Le Montreux Jazz Festival, financé par British American Tobacco (BAT), Art Basel, l’une des premières manifestations d’art contemporain au monde, sponsorisée par la marque de cigarettes Davidoff, Japan Tobacco International (JTI) subventionnant les plus grands théâtres et musées genevois… La Suisse s’affirme comme un véritable paradis pour l’industrie du tabac, qui déploie sa philanthropie et son lobbyisme sans les contraintes juridiques et éthiques coutumières en Europe.
Une industrie qui s’infiltre jusqu’aux bancs des universités: en juin 2014, une étude de l’université de Zurich, concluant à l’impact négligeable du paquet neutre en Australie sur les mineurs (premier pays au monde à l’avoir adopté), a été entièrement financée par Philip Morris International. «Ils utilisent cette étude pour influencer la Nouvelle Zélande, l'Angleterre et l'Irlande qui parlent de mettre en place les paquets neutres», alerte Pascal Diethelm, président de l’association antitabac Oxyromandie, basée à Genève.
Car la Suisse reste le dernier pays du continent à n’avoir pas ratifié la Convention-cadre antitabac de l’Organisation mondiale de la santé (OMS), entérinée par 177 pays à travers le monde. L’objectif de cette Convention, entrée en vigueur en 2005, est de lutter contre les méfaits du tabagisme et de limiter le marketing de l’industrie du tabac.
Dès lors, contrairement à la France, la publicité reste autorisée dans les journaux en Suisse.

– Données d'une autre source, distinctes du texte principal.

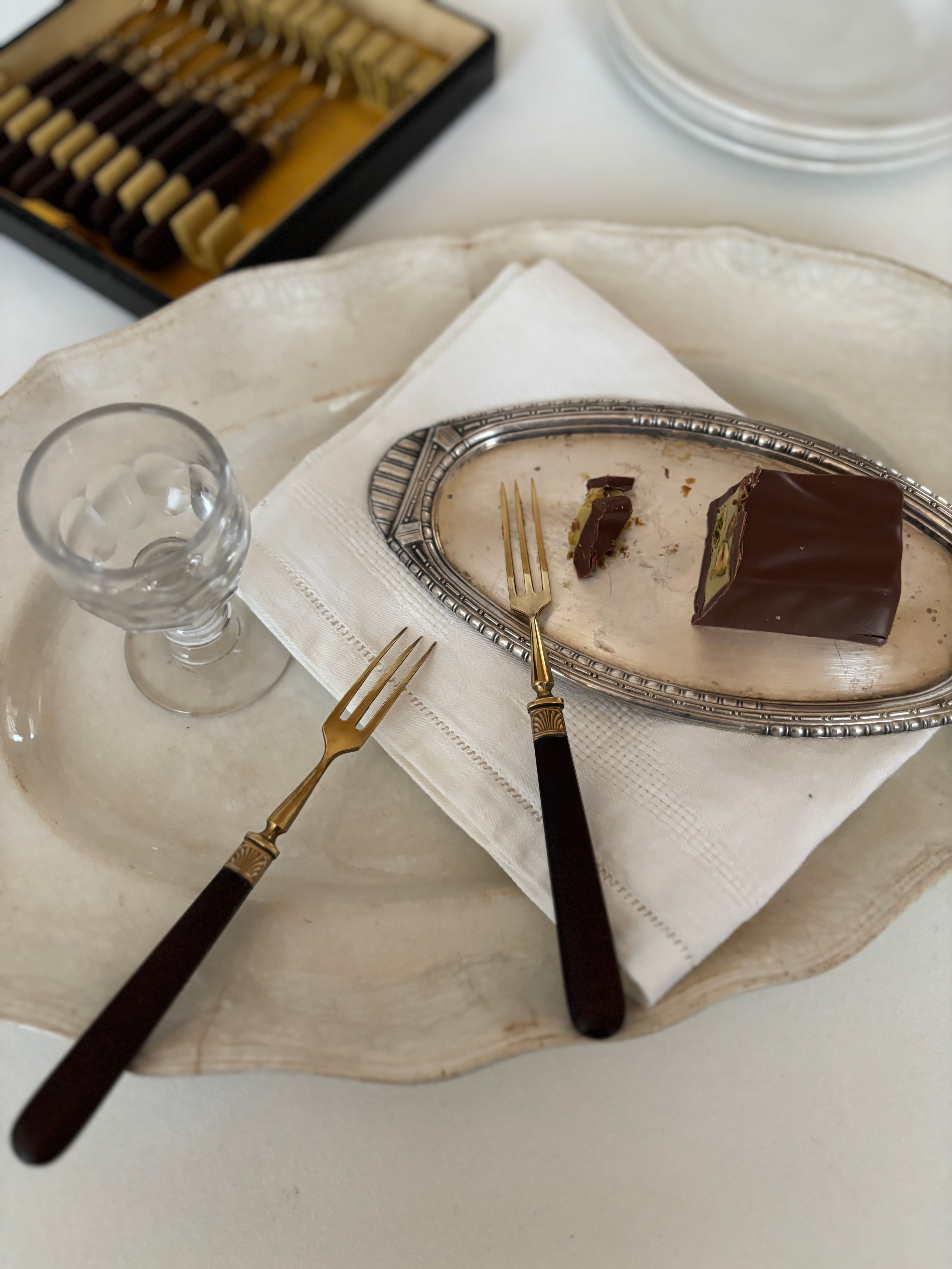 フランスから届いた、真鍮×木製ハンドルのデザートフォーク。

De même, l’interdiction pour les mineurs n’est encore pas généralisée à tous les cantons. «A Genève, un enfant de 5 ans peut encore acheter un paquet de cigarettes», soupire Pascal Diethelm.

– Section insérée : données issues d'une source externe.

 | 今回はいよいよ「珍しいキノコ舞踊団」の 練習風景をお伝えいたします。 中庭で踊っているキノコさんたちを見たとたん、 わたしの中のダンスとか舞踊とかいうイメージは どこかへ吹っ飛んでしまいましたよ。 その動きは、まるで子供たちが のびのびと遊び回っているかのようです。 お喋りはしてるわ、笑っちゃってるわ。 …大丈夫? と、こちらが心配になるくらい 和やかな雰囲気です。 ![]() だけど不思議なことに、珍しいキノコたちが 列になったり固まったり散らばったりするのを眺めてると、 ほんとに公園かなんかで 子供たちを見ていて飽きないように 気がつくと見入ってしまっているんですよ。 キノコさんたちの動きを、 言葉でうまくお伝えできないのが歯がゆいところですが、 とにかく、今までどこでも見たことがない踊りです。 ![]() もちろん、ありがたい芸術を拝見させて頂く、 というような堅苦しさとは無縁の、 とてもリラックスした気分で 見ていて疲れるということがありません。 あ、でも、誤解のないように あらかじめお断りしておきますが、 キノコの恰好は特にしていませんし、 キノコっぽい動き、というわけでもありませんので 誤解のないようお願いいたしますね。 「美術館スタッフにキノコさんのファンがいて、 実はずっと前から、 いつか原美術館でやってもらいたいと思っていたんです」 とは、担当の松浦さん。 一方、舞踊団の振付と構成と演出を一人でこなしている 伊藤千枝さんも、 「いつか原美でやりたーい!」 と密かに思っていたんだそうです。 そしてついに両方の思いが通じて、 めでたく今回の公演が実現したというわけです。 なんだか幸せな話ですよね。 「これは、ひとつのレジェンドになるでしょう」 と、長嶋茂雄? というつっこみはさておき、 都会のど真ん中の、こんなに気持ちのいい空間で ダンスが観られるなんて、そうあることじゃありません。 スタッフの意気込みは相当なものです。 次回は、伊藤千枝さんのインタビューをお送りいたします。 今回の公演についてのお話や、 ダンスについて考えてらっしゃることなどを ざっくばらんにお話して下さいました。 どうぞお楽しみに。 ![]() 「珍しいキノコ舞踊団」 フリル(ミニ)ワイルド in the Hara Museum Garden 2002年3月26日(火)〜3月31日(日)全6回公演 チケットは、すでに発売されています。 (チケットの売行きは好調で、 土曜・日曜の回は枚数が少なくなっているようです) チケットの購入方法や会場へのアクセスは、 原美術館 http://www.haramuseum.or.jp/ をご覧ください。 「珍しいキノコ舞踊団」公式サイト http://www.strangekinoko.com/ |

Entre l'industrie du luxe, le tabac, la pharmacie, les Suisses ne sont pas vraiment plus regardants que ça. Ici, on ne va pas regarder chez son voisin
En Suisse, le poids économique de l’industrie du tabac est considérable. Pour des raisons à la fois historiques, fiscales et juridiques, les sièges internationaux des trois plus grandes multinationales du tabac se situent en terre helvète: Philip Morris International (Marlboro, Chesterfield) à Lausanne, British American Tobacco (Lucky Strike, Vogue) dans le canton très avantageux de Zoug, et Japan Tobacco International (Camel, Winston) à Genève. Le géant nippon, numéro 3 mondial du tabac, y finit les travaux de son tout nouveau siège, prévu pour 2015. Un immense bâtiment en verre de 25.000m², situé dans le quartier genevois des organisations internationales, à quelques centaines de mètres du siège de l’Organisation mondiale de la santé.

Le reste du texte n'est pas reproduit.